We set up **online learning models** (supervised HoeffdingTree Classifier [[2]](#2) and unsupervised anomaly detector model, HalfSpaces Trees [[3]](#3)) to incrementally learn and update from streams events. The **datasets** used are publicly available on River : [Credit cards transactions in September 2013 by european
cardholders](https://github.com/online-ml/river/blob/master/river/datasets/credit_card.py) and [Electricity prices in New South Wales](https://github.com/online-ml/river/blob/master/river/datasets/elec2.py) The pipeline was hosted on AWS
Cloud using the Domino Data Science platform connected to a managed Kafka to process streams data.
The workflow of experiments set up is below and detaisl are provided in the paper.

pipeline_experiments_kafka_domino

A series of experiments was conducted with the main objective
being the functional verification of the proposed streaming architecture in the paper and scalability
exercise.

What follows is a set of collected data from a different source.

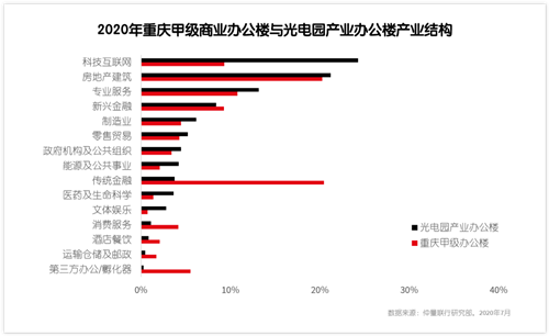 據(jù)仲量聯(lián)行數(shù)據(jù)顯示,重慶甲級(jí)辦公樓與光電園產(chǎn)業(yè)辦公樓的產(chǎn)業(yè)結(jié)構(gòu)相關(guān)性為57.4%;但如果去掉兩個(gè)有明顯傾向性的產(chǎn)業(yè),即青睞產(chǎn)業(yè)樓宇的科技互聯(lián)網(wǎng)業(yè)和青睞商業(yè)樓宇的傳統(tǒng)金融業(yè),兩組數(shù)據(jù)的關(guān)聯(lián)性迅速提升至91.9%。房地產(chǎn)建筑、新興金融、零售貿(mào)易的占比的組間差異不到1%。然而,上述行業(yè)在其他城市進(jìn)駐產(chǎn)業(yè)園區(qū)的概率通常遠(yuǎn)低于進(jìn)駐商業(yè)辦公樓。不得不說(shuō),重慶的“非園區(qū)型”產(chǎn)業(yè)樓宇與商業(yè)樓宇對(duì)多數(shù)企業(yè)而言差別并不大。
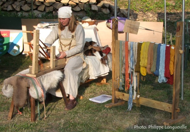 J’ai été invitée à faire une démonstration de tissage au donjon d’avrilly, une motte féodale dans l’Eure (http://www.donjondavrilly.fr/index.htm) lors d’un feu de la Saint Jean. Le public était venu en nombre, mais mes explications étaient malheureusement quelque peu « couvertes » par la musique! Et beaucoup de personnes sont venues tard, sans doute pour échapper à l’écrasante chaleur qui régnait encore au début de la soirée…
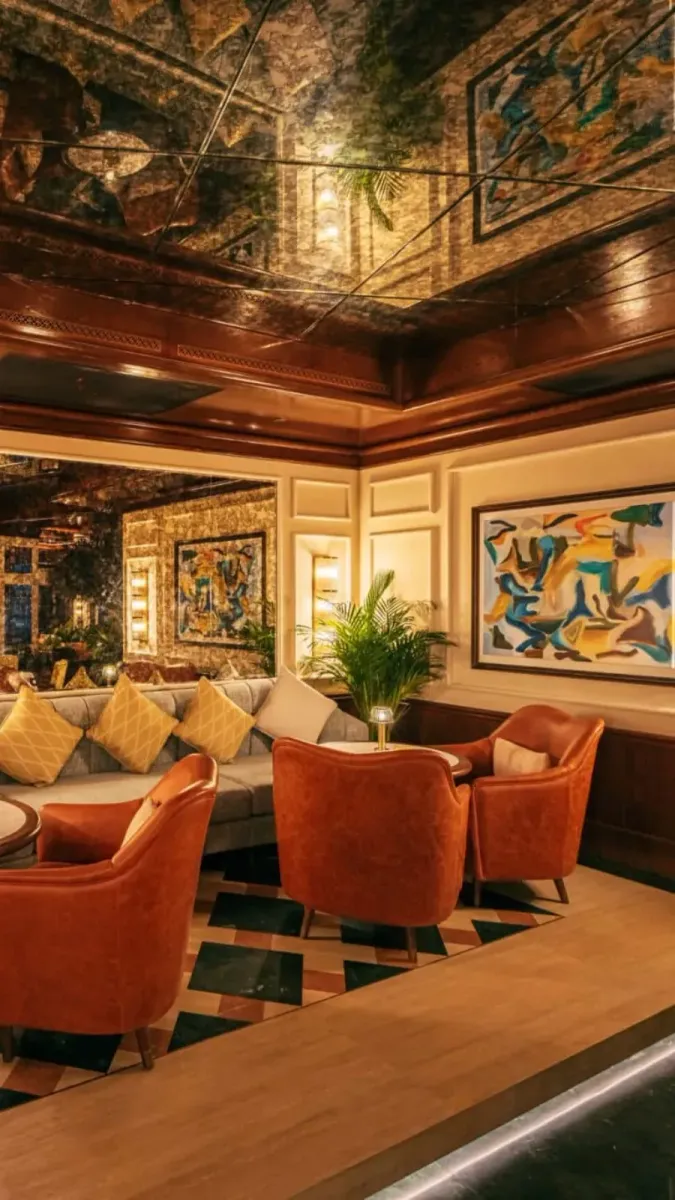 Дизайн интерьера ресторана выполнен в элегантном стиле. Потолки украшены зеркальными панелями, отражающими мягкий свет и добавляющими пространству глубину. Стены декорированы панелями и современными картинами в ярких оттенках. Барная зона выполнена из темно-зеленого мрамора с металлическими акцентами. По залам расставлены живые растения и деревья.
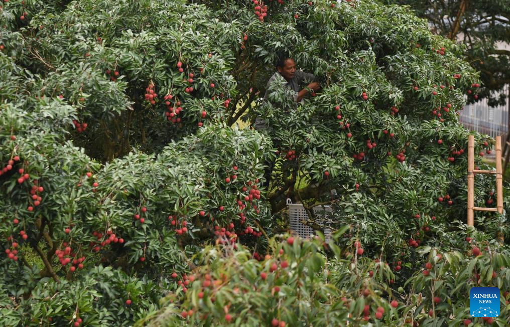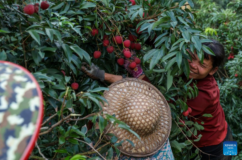 Farmers pick lychees at an orchard in Gaozhou City, south China's Guangdong Province, June 5, 2025.
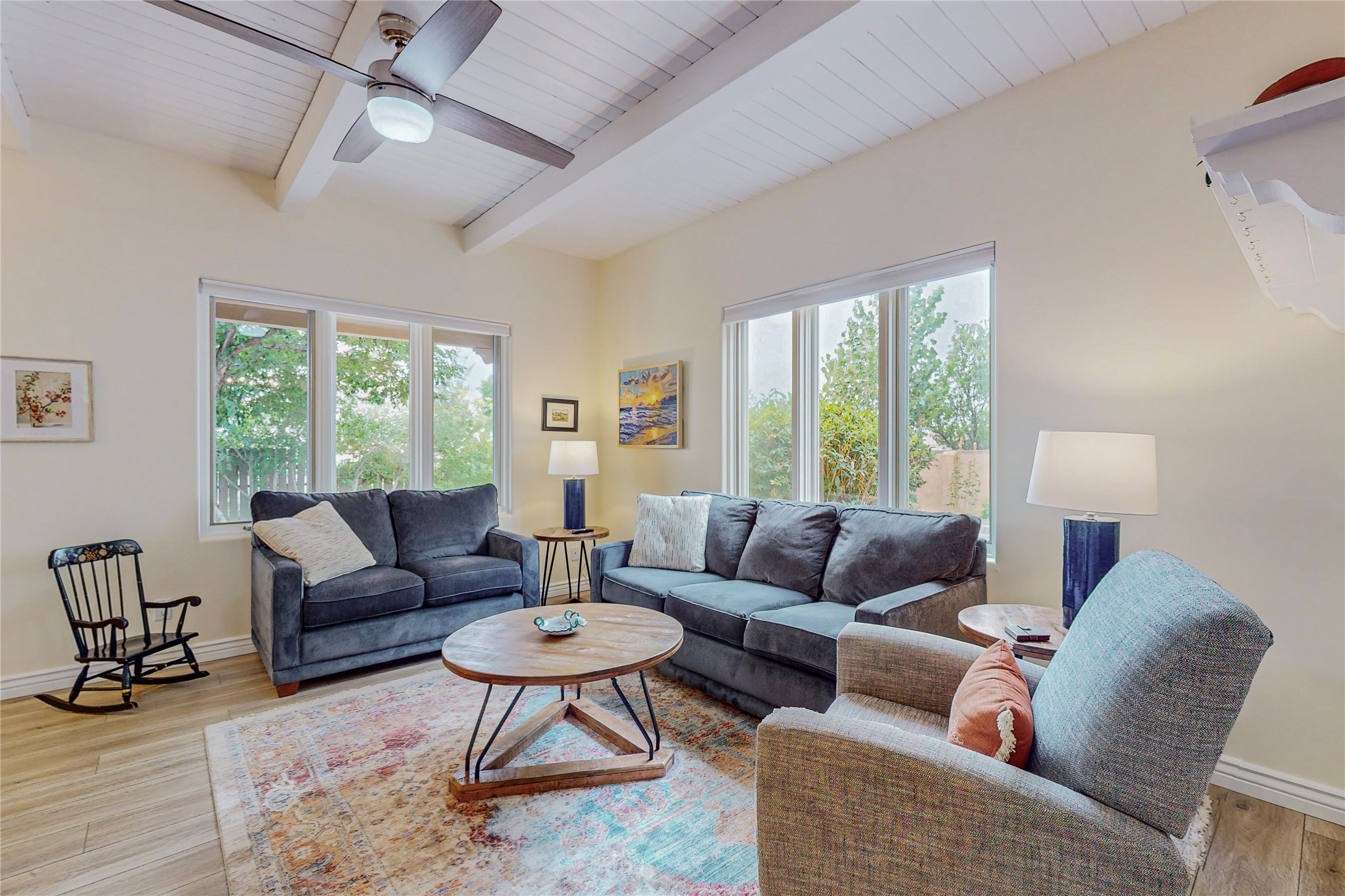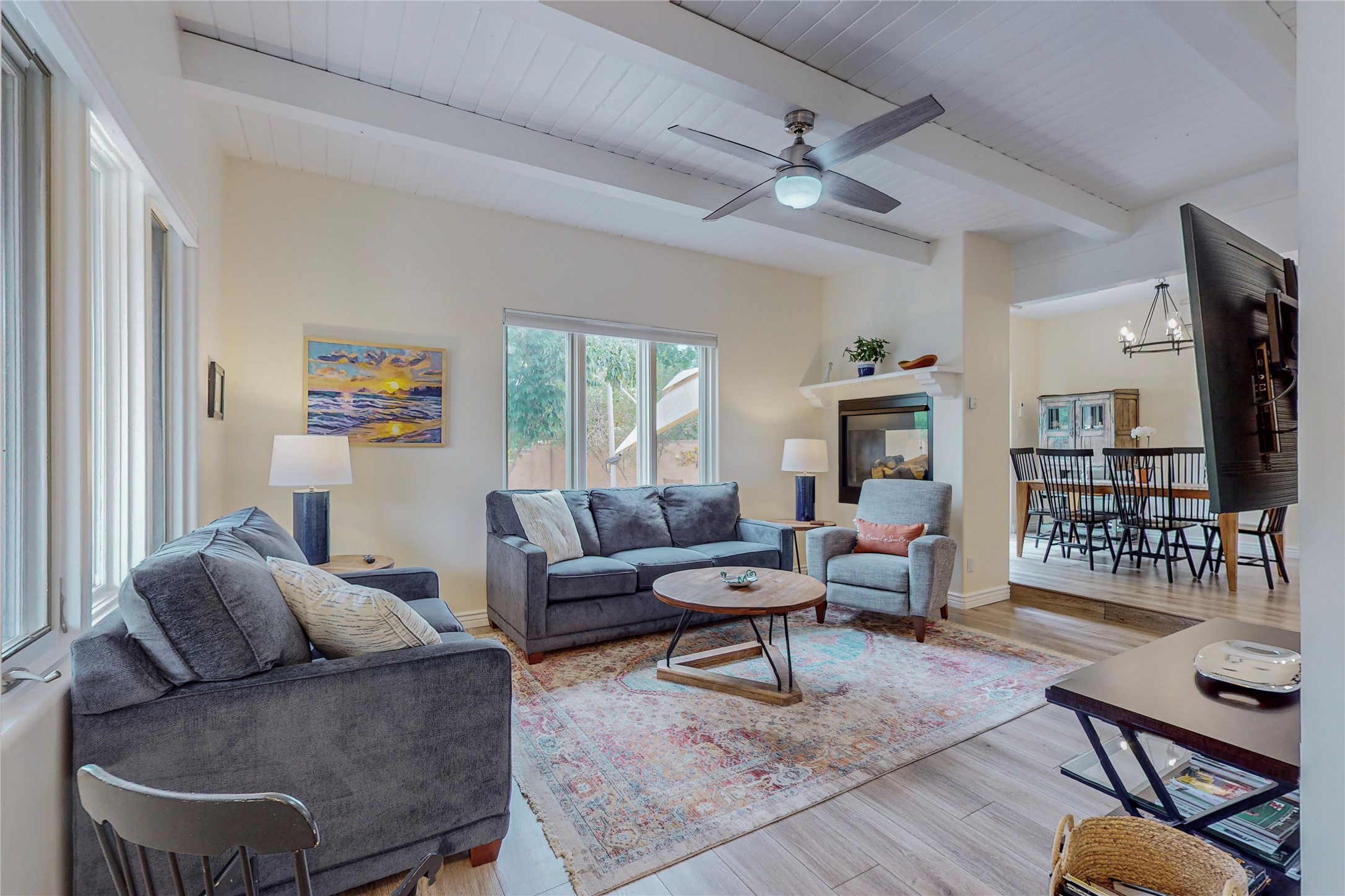 This 3 bed, 3 bath home is located on a quiet cul-de-sac in the desirable Pueblos Del Sol neighborhood. Recent updates include new flooring, new kitchen cabinets, new countertops and all new appliances. All the baths in the home have been updated. This owner has recently had new ductless (mini-split) HVAC units that both cool and heat added. Enjoy views of the Sangre de Cristo Mountains from the primary bedroom and western views from the upstairs guest bedroom. One fireplace that serves dining and living areas. Primary shower is a walk-in. There is one guest bedroom and full bath on the ground level.
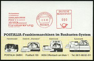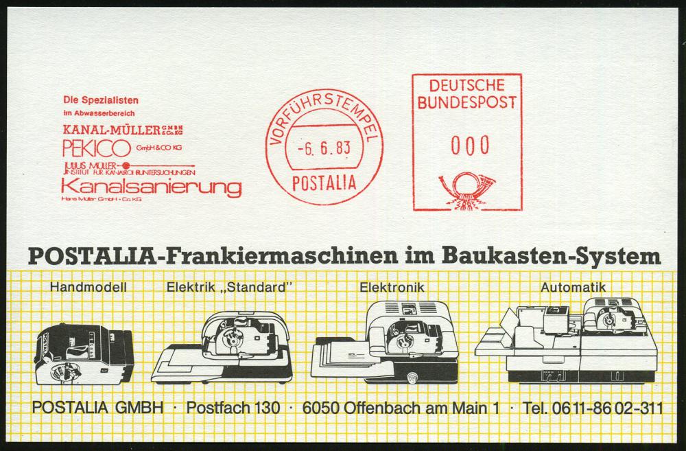 1190 | 18 € | POSTLEITRAUM 6100 (OHNE DARMSTADT) : Eppertshausen 1983 (6.6.) AFS.: VORFÜHRSTEMPEL/POSTALIA/Die Spezialisten/im Abwasserbereich/KANAL-MÜLLER../ Kanalsanierung , seltene Postalia-Musterkt.! (= Specimen) | ![]() | |
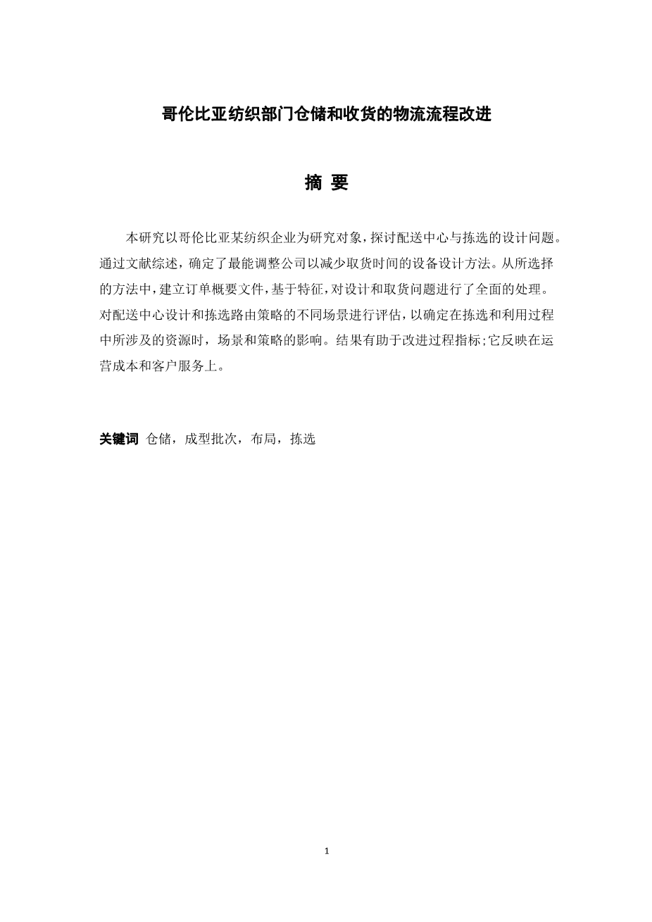 哥伦比亚纺织部门仓储和收货的物流流程改进外文翻译资料
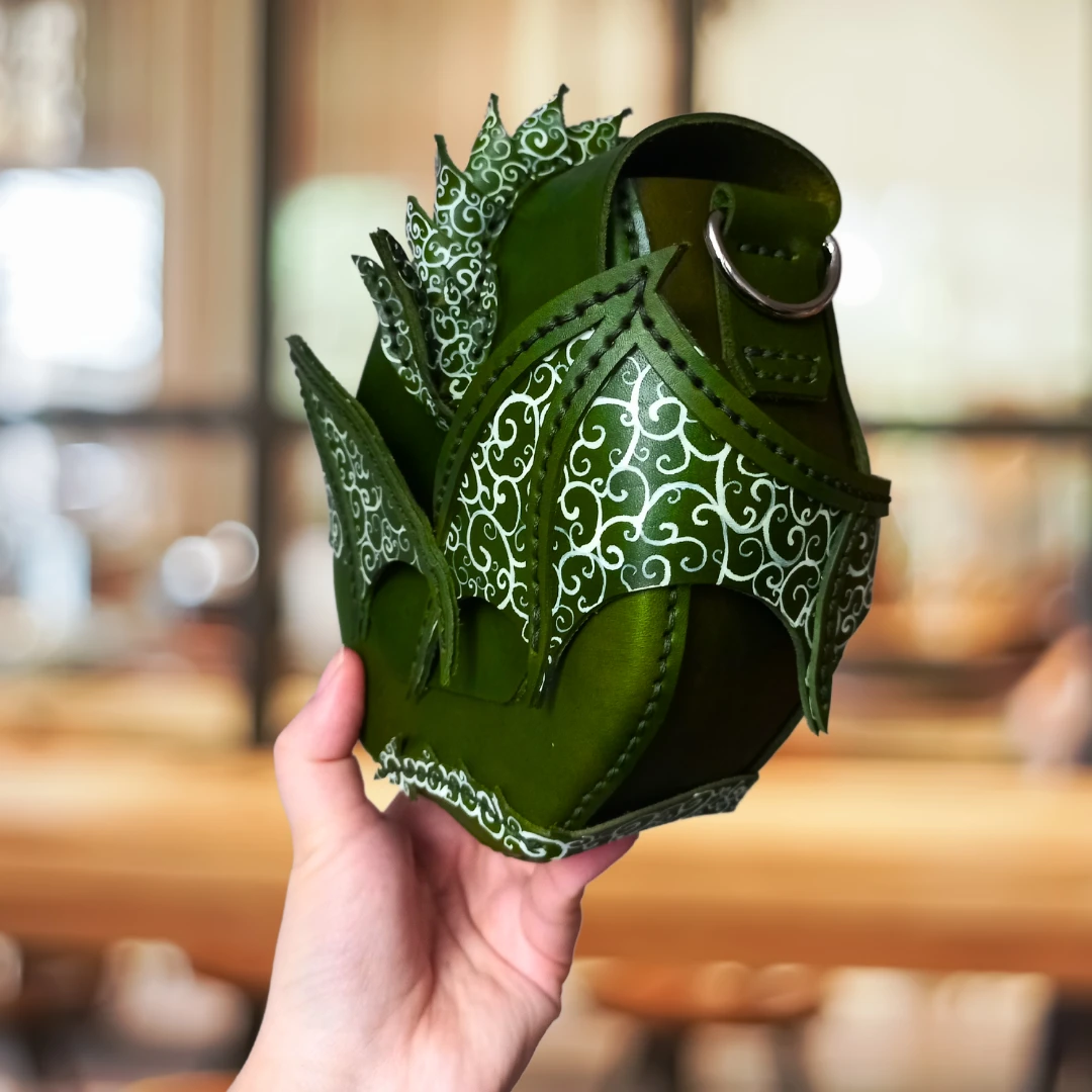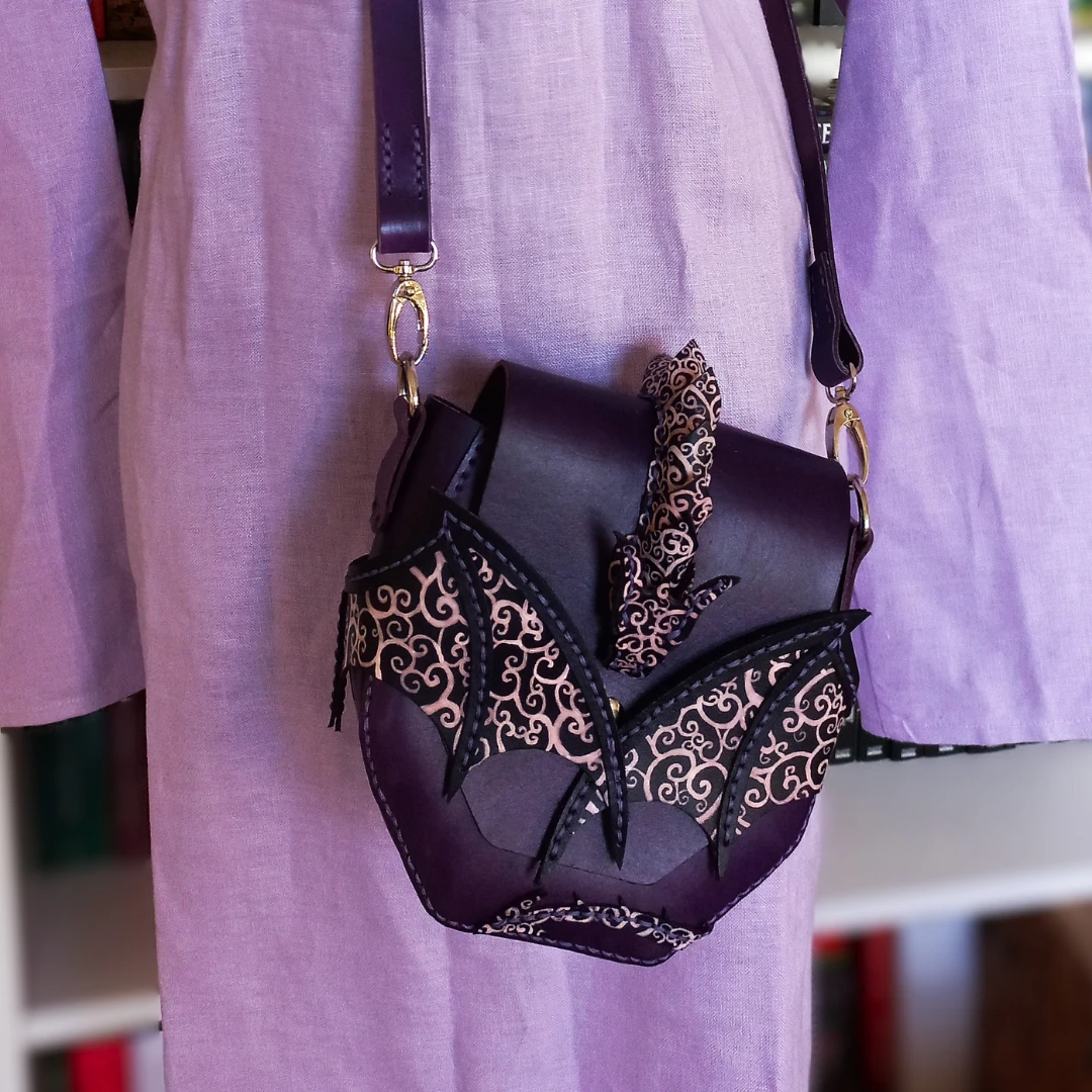 Smocza torba, którą oplatają smocze skrzydła, wykonana z naturalnej skóry,
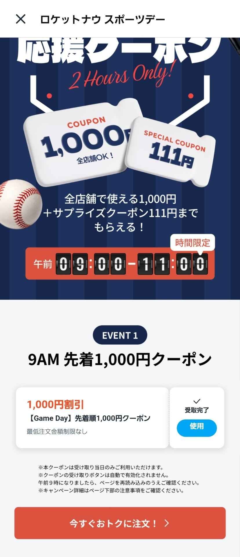 ロケットナウ、WBC応援企画で1000円クーポンを先着で配布!!
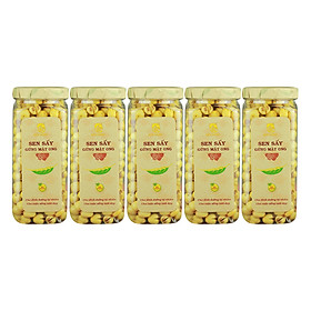 Mua tại Tiktok- Combo 5 Hũ Sen Sấy Gừng Mật Ong Hải Long (230g / Hũ) với thành phần hạt sen nguyên chất, có sự kết hợp với gừng và mật ong, được bóc tách vỏ cẩn thận nhưng vẫn đảm bảo độ giòn, ngọt pha chút bùi bùi rất riêng của loại hạt giàu dinh dưỡng này.
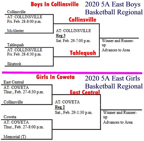 up BK at Area) 43-51 Collinsville loss to Tahlequah in Regional Basketball Final. Was 43-46 with 41 seconds left. |
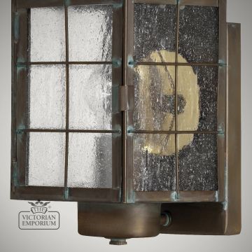 This is a Nautical Style Wall Lantern in Aged Brass made from Solid Brass with Clear Seeded Glass. The design style is timeless New England and the lamp features bright brass reflectors
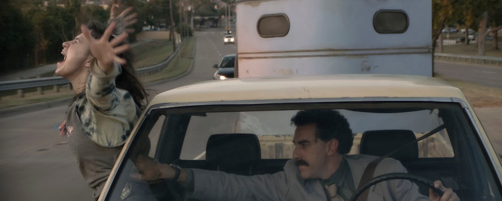 Il y a 15 ans, avec Borat, derrière la farce et les outrances presque sans limites de son personnage, le fantasque Sacha Baron Cohen avait réussi un petit tour de force et rappelé à quel point la satire est un art précieux qui a toujours su, à travers les siècles, poser un regard aussi féroce que juste sur les travers de nos sociétés. A travers les yeux et le parcours rocambolesque d’un journaliste Kazakh envoyé en reportage par sa chaine de télévision, plus concerné par sa quête de l’amour de Pamela « CJ » Anderson, que par celle de la compréhension profonde de ce pays qu’il traverse d’Est en Ouest, Borat nous en disait déjà beaucoup sur les mœurs de ce pays dans lequel on trouvait en germe tous les maux qui allaient mener, 10 ans plus tard, à l’élection de Donald Trump. Transparaissait déjà la fracture entre les élites bien pensantes de la côte Est, choquées par le discours misogyne, homophobe, antisémite de Borat et toute une partie de l’Amérique figée dans le temps, nostalgique de son passé, sourde aux revendications des minorités perçues comme autant de coups de canifs au sacro-saint patriotisme. L’absence de réaction aux propos de Borat et parfois même, chez ceux qui se sentaient alors en confiance avec quelqu’un pensant comme eux, l’expression d’une idéologie ouvertement raciste et homophobe valait plus que tous les mots. Elle en disait déjà plus que les grands discours, mise en garde ou essais sur ce qui était en train de monter en Amérique et que l’élection de Barack Obama, 2 ans plus tard, puis son échec à parler à cette « Amérique du milieu » n’allait faire que renforcer. De Trump, il n’en était pas encore explicitement question, sauf au détour d’une très courte scène dans laquelle on apercevait Borat faire la grosse commission sur le parvis de la célèbre tour de celui qui n’était qu’alors qu’un milliardaire has been voulant désespérément exister par le biais de son émission de télé réalité. Si le propos politique du 1er voyage de Borat aux USA apparaissait sous les habits de la farce orchestrée et jouée par celui qui se cachait auparavant derrière le personnage de Ali G, ce second voyage prend d’avantage des aspects de manifeste politique, très habile, orchestré dans un récit plus scénarisé qui jusque dans chacune de ses outrances renvoie à l’état actuel de la société américaine et aux valeurs morales de ceux qui se sont fait élire pour redonner sa grandeur à l’Amérique.
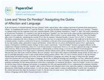 “Love and Amor De Pendejo” invites readers to appreciate the dynamic nature of language, where words evolve, adapting to cultural shifts and regional nuances. In this brief exploration, the interplay between language and emotion unfolds, shedding light on the unpredictability of romantic feelings. So, immerse yourself in the charm of colloquial expressions, as this journey unveils the rich tapestry of love and linguistic quirks. PapersOwl showcases more free essays that are examples of Love.

The results table can be found below :

results_experiments

We demonstrate that the proposed system can successfully ingest and process high-velocity streaming data and that online learning models can be horizontally scaled. More details are available in the paper.

## Acknowledgements
We Thank [Nikolay MANCHEV](https://github.com/nmanchev) for his contributions and key role to achieve this repository.

### References
[1]
Jacob Montiel, Max Halford, Saulo Martiello Mastelini, Geoffrey Bolmier, Raphael
Sourty, Robin Vaysse, Adil Zouitine, Heitor Murilo Gomes, Jesse Read, Talel
Abdessalem, and Albert Bifet. 2020. River: machine learning for streaming data
in Python. arXiv:2012.04740 [cs.LG]

[2]
G. Hulten, L. Spencer, and P. Domingos. Mining time-changing data streams. In KDD’01, pages 97–106, San Francisco, CA, 2001. ACM Press.

[3]
Swee Chuan Tan, Kai Ming Ting, and Tony Fei Liu. 2011. Fast Anomaly Detection for Streaming Data. In Proceedings of the Twenty-Second International Joint
Conference on Artificial Intelligence - Volume Volume Two (Barcelona, Catalonia,
Spain) (IJCAI’11). AAAI Press, 1511–1516.